Set hive.exec.reducers.bytes.per.reducer=32123456;SELECT count (id) FROM (SELECT id FROM bigtable GROUP BY id) a; results: Stage-Stage-1: Map: 1 Reduce: 4 Cumulative CPU: 13.07 sec HDFS Read: 120749896 HDFS Write: 464 SUCCESSStage-Stage-2: Map: 3 Reduce: 1 Cumulative CPU: 5.14 sec HDFS Read: 8987 HDFS Write: 7 SUCCESS_c010000Time taken: 51.202 seconds, Fetched: 1 row (s)

Although it will be done with an extra Job, it is definitely worth it in the case of a large amount of data.
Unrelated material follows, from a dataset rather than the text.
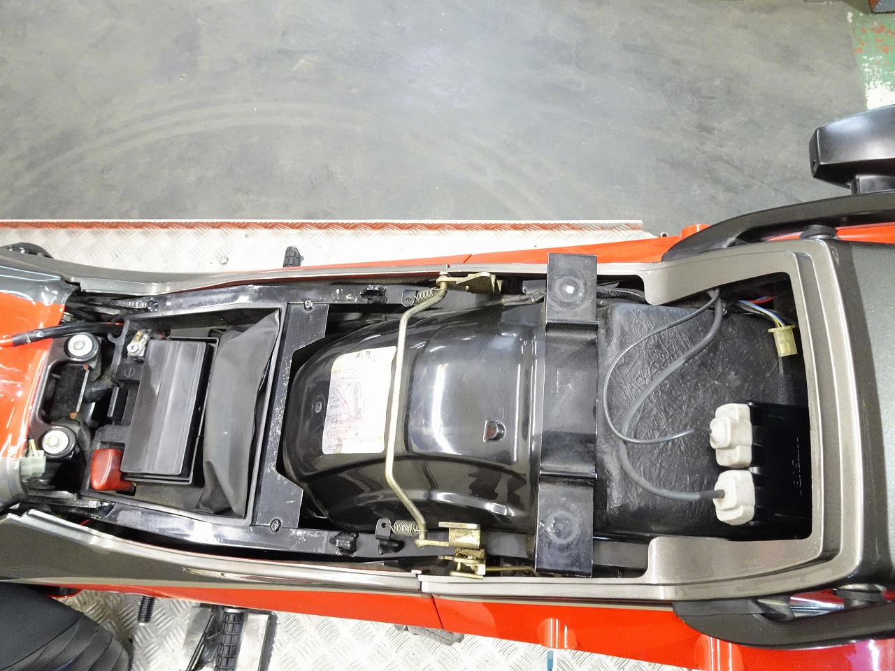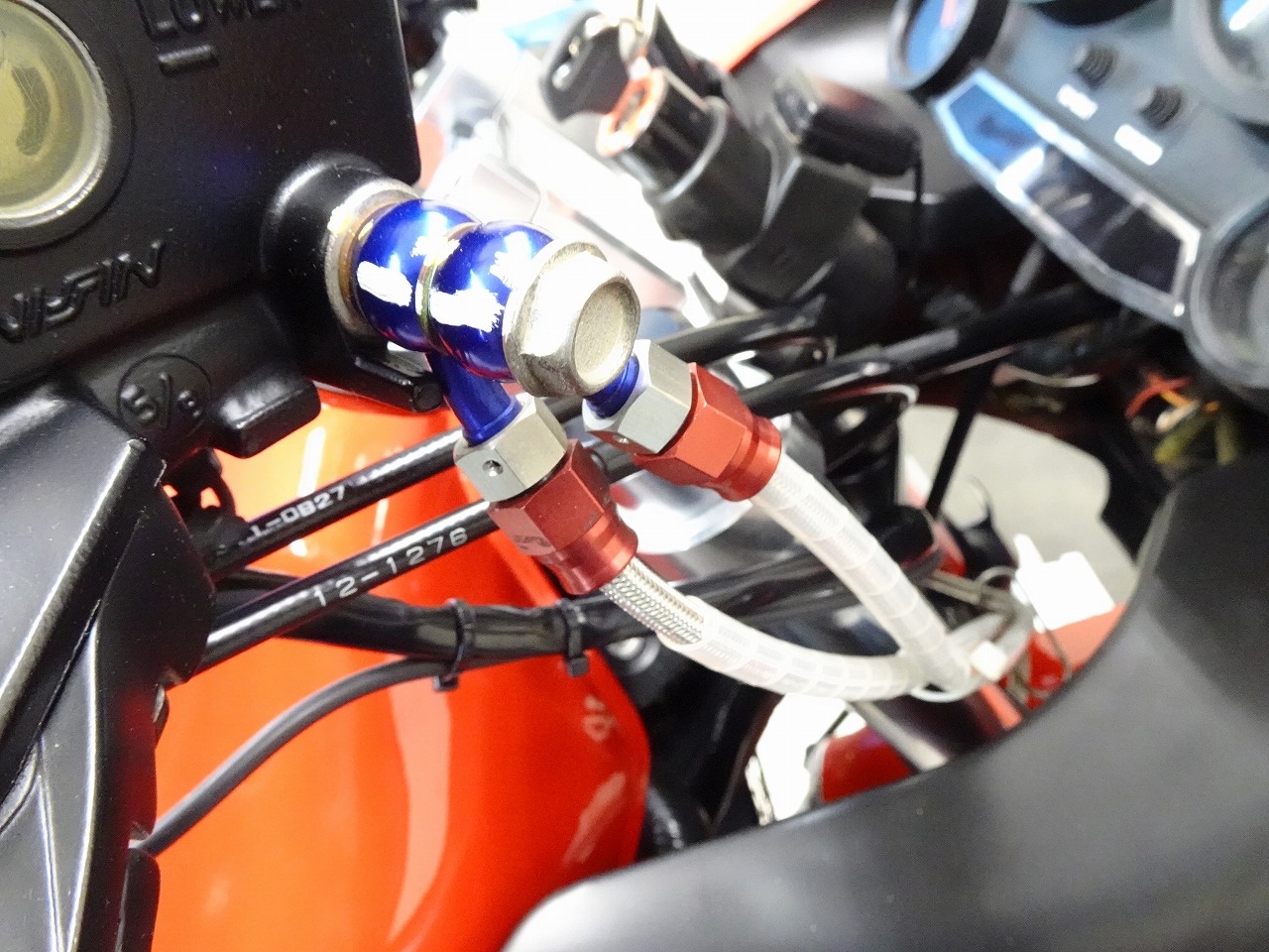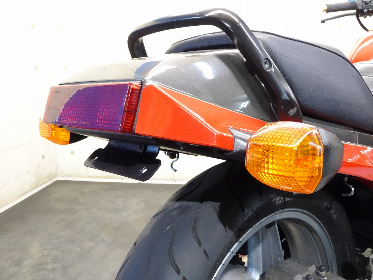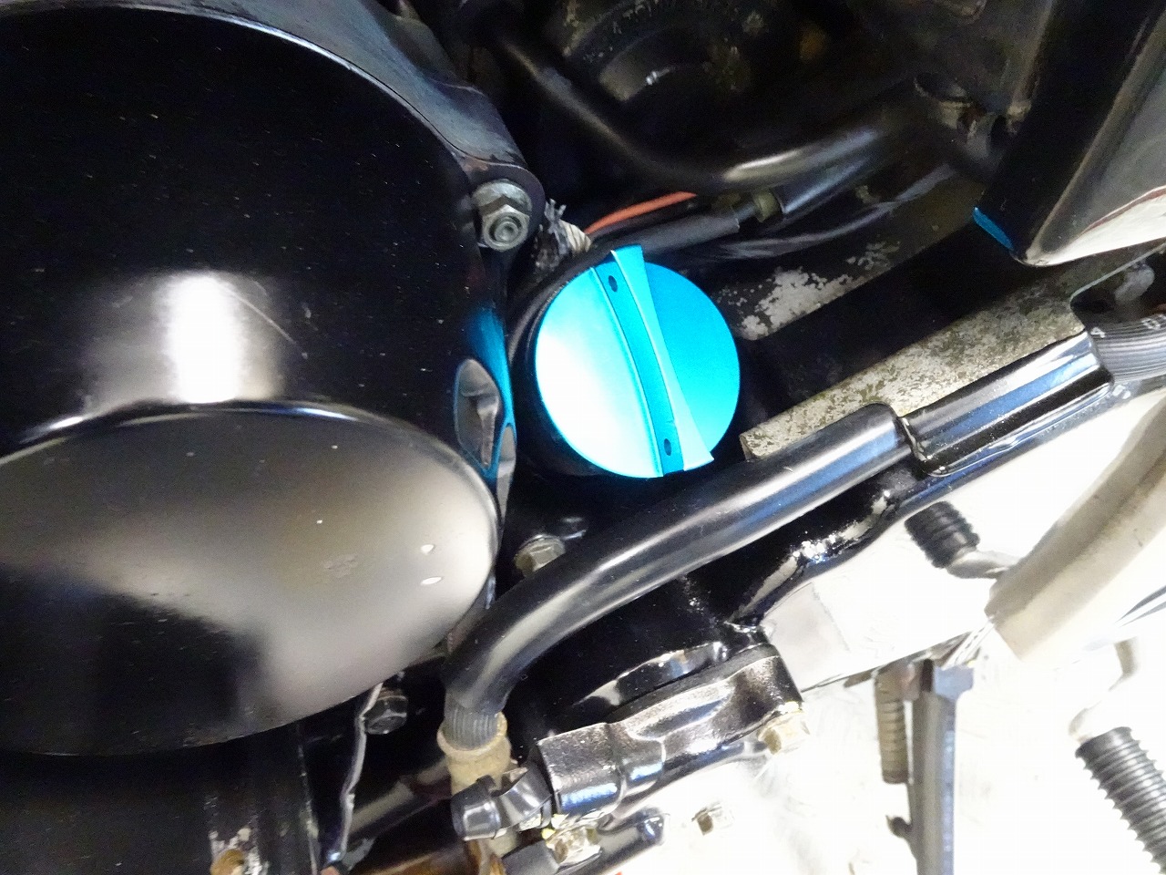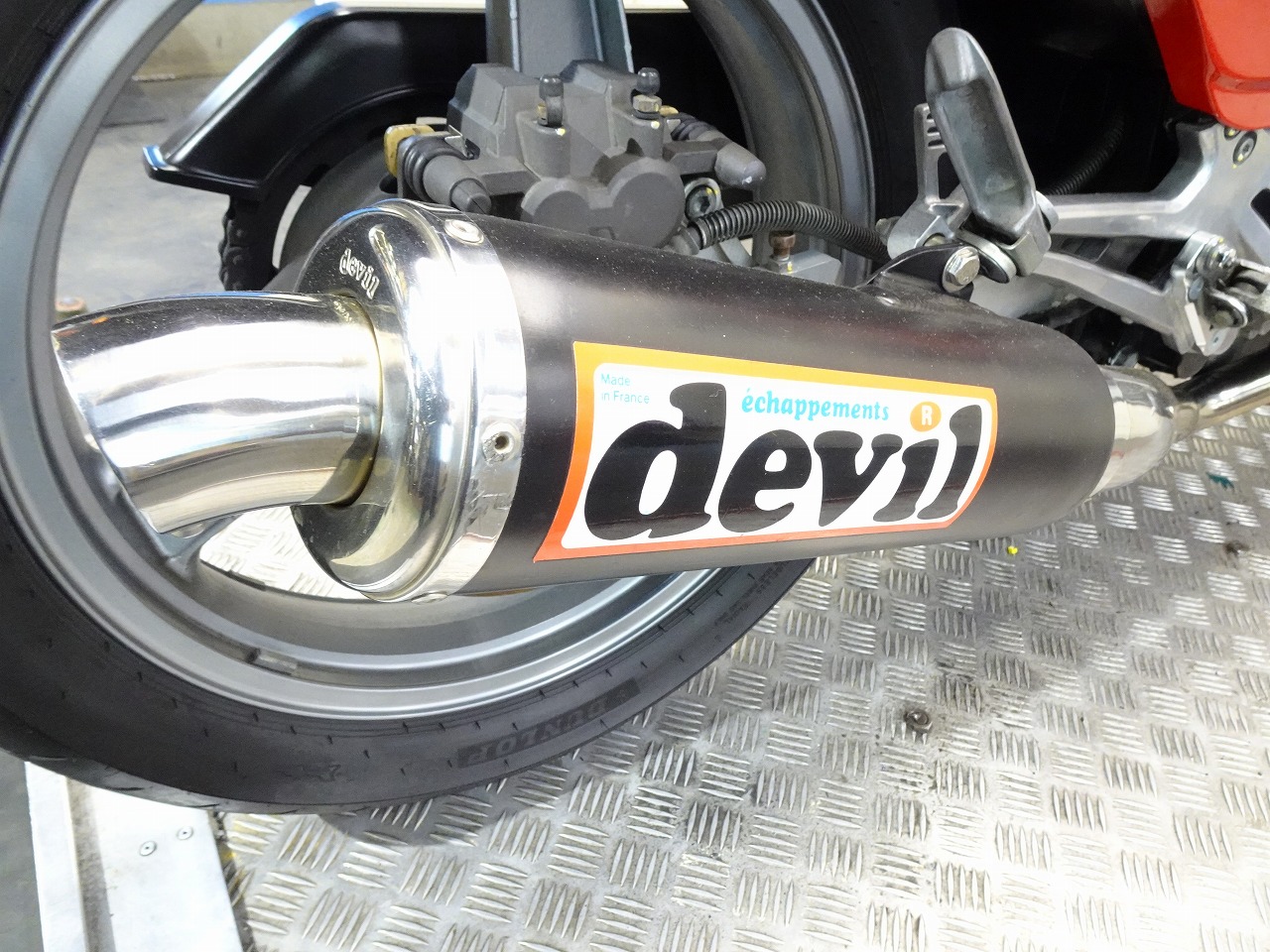 ETC車載器、DEVIL製マフラー、サイレンサー、スクリーン、ブレーキホース、ハリケーン製アップハンドル、ハンドルポスト、トップブリッジ、グリップ、シート、フェンダーレス、オイルフィラーキャップ、USB電源、ソケット

Test data download link: https://pan.baidu.com/s/1LwKKJTeXR4h0iaOAknZ7_g extraction code: 5252

IV. Cartesian product

Try to avoid Cartesian product, that is, to avoid join without on condition, or invalid on condition, Hive can only use 1 reducer to complete Cartesian product.

Fifth, use partition clipping and column clipping

In SELECT, take only the columns you need, if any, use partition filtering as much as possible and use less SELECT *.

In partition clipping, when using external associations, if the filter condition of the secondary table is written after Where, then the full table association will be first and then filtered later, such as:

Data preparation

Create table ori (id bigint, time bigint, uid string, keyword string, url_rank int, click_num int, click_url string) row format delimited fields terminated by'\ t creating table bigtable (id bigint, time bigint, uid string, keyword string, url_rank int, click_num int, click_url string) row format delimited fields terminated by'\ t load data local inpath'/ home/bigtable' into table bigtable;load data local inpath'/ home/ori' into table ori

First associate in Where

Select a.id FROM bigtable a left join ori o on a.id=o.id where o.id

Welcome to subscribe "Shulou Technology Information " to get latest news, interesting things and hot topics in the IT industry, and controls the hottest and latest Internet news, technology news and IT industry trends.

*The comments in the above article only represent the author's personal views and do not represent the views and positions of this website. If you have more insights, please feel free to contribute and share.